--On Friday, January 03, 2003 11:38 AM -0800
ned+ietf-822(_at_)mrochek(_dot_)com wrote:
[...]
Newsgroup names are an interesting case because they aren't something
email
cares about. While an 8bit newsgroup name in some news-specific header
field may not survive a trip into and out of email, at least it doesn't
trash any of the email-specific pparts of the message.
An argument to have this one thing be in 8bit would still be a very tough
sell, but far far easier than arguing that it is OK to have 8bit fields
that are shared between email and netnews.
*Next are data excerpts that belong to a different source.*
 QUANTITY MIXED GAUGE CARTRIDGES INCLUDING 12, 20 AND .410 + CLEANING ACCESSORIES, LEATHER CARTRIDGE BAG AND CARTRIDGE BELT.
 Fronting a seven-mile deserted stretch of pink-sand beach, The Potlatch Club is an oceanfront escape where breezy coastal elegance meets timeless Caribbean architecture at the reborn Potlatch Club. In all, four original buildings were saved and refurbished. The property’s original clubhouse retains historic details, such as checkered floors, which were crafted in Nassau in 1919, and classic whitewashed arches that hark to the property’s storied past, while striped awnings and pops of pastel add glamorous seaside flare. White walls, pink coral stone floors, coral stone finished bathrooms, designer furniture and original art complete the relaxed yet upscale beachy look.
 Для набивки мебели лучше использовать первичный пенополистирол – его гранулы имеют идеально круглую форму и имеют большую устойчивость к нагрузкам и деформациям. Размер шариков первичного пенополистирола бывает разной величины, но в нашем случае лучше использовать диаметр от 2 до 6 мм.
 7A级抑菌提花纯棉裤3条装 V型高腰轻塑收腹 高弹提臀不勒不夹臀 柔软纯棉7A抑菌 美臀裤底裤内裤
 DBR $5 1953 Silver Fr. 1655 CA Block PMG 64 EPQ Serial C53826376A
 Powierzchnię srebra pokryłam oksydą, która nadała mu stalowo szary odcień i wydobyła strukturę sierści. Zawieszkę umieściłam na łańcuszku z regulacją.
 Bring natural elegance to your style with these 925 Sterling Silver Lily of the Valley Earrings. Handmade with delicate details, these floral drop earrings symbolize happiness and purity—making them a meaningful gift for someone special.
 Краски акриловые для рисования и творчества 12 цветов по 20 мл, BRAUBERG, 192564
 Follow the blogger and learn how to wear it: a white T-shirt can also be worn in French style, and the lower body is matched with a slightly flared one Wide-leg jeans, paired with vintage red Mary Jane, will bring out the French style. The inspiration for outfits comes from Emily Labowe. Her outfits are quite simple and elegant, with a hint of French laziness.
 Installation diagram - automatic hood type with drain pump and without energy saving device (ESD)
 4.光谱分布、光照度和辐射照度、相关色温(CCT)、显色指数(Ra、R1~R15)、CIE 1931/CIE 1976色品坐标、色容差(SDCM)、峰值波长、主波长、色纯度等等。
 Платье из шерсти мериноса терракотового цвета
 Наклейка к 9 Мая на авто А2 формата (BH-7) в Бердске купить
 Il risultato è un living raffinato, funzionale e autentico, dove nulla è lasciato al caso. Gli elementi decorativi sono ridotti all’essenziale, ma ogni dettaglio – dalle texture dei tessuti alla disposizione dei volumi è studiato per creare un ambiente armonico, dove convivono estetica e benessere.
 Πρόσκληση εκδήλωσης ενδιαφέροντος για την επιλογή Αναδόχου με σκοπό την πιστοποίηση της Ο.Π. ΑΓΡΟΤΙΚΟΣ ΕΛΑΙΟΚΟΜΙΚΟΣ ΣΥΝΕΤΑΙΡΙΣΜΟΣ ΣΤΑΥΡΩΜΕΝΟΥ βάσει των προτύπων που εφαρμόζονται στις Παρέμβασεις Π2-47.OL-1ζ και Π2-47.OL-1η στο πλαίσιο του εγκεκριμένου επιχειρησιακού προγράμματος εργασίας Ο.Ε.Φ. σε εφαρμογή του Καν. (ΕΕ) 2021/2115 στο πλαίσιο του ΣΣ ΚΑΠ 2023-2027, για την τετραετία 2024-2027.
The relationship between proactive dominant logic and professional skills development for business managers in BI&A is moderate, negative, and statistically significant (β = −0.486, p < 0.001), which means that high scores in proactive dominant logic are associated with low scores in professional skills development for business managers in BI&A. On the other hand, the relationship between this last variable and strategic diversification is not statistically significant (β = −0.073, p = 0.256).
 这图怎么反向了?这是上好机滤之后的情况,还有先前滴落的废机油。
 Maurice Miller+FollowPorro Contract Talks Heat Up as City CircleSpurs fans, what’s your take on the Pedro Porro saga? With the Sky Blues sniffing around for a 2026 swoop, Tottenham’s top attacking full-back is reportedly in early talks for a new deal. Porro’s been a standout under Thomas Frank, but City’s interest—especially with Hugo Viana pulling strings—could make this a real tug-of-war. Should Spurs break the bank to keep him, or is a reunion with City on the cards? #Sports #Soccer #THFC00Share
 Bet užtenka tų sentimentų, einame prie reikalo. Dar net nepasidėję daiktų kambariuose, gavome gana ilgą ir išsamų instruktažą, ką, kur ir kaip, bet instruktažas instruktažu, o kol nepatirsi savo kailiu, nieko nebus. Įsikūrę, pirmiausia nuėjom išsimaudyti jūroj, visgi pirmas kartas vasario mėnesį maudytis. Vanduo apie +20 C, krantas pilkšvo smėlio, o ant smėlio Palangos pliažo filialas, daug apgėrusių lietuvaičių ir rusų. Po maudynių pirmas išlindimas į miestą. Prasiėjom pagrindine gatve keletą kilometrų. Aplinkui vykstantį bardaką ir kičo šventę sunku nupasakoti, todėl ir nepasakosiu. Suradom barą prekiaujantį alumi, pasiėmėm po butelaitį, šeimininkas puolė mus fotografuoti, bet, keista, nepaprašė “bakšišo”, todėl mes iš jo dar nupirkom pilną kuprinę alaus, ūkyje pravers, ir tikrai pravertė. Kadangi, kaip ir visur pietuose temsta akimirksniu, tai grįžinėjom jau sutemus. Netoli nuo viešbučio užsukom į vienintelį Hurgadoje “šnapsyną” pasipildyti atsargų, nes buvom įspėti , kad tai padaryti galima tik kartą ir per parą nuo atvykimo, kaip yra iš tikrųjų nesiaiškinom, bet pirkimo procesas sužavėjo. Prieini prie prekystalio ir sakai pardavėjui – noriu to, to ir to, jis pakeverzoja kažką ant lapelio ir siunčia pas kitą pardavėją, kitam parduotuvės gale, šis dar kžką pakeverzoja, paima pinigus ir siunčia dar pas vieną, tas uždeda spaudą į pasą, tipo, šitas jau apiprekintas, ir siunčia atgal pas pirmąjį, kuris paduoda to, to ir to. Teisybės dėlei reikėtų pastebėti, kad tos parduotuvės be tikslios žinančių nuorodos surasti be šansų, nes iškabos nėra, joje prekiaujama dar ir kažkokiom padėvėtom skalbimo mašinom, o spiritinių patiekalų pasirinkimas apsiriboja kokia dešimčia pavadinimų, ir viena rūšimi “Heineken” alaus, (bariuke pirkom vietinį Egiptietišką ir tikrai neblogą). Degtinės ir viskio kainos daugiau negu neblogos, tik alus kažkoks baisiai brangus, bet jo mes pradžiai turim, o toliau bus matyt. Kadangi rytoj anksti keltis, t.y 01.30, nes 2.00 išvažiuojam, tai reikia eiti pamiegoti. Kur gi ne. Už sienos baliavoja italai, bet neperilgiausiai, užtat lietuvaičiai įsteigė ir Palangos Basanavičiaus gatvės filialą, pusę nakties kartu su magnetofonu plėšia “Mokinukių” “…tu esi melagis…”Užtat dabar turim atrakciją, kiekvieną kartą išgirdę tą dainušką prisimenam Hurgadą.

Newsgroup names are a very hard problem. Note that the way Usenet works
right now requires these get passed gracefully through e-mail: in moderated
newsgroups posts are e-mailed to the moderator.
I'm not sure I understand the NEED for the "canonical" name to be pure
UTF-8 (that is, encoded Unicode) instead of some other encoding.
A similiar problem happened in IMAP4 when people wanted to internationalize
mailbox names (which function similiarly or identically to newsgroups,
depending on perspective). In IMAP4's case, we decided on a modified UTF-7
encoding over the wire. This means servers have an option of the underlying
canonical name: they can store the mUTF-7, they can store UTF-8, they can
store UTF-16, they can store in a legacy charset (and refuse all mailboxes
with names that can't be encoding in the legacy charset). IMAP4 mailboxes
can also appear in IMAP URIs, in which case they are encoded in UTF-8 and
then hex-escaped. The IMAP4 URI spec included C code to do this conversion.
I don't think that introducing an all new encoding is definitely the right
choice for Usenet---of course, the draft currently does introduce a new
encoding but it's only used some of the time.
Larry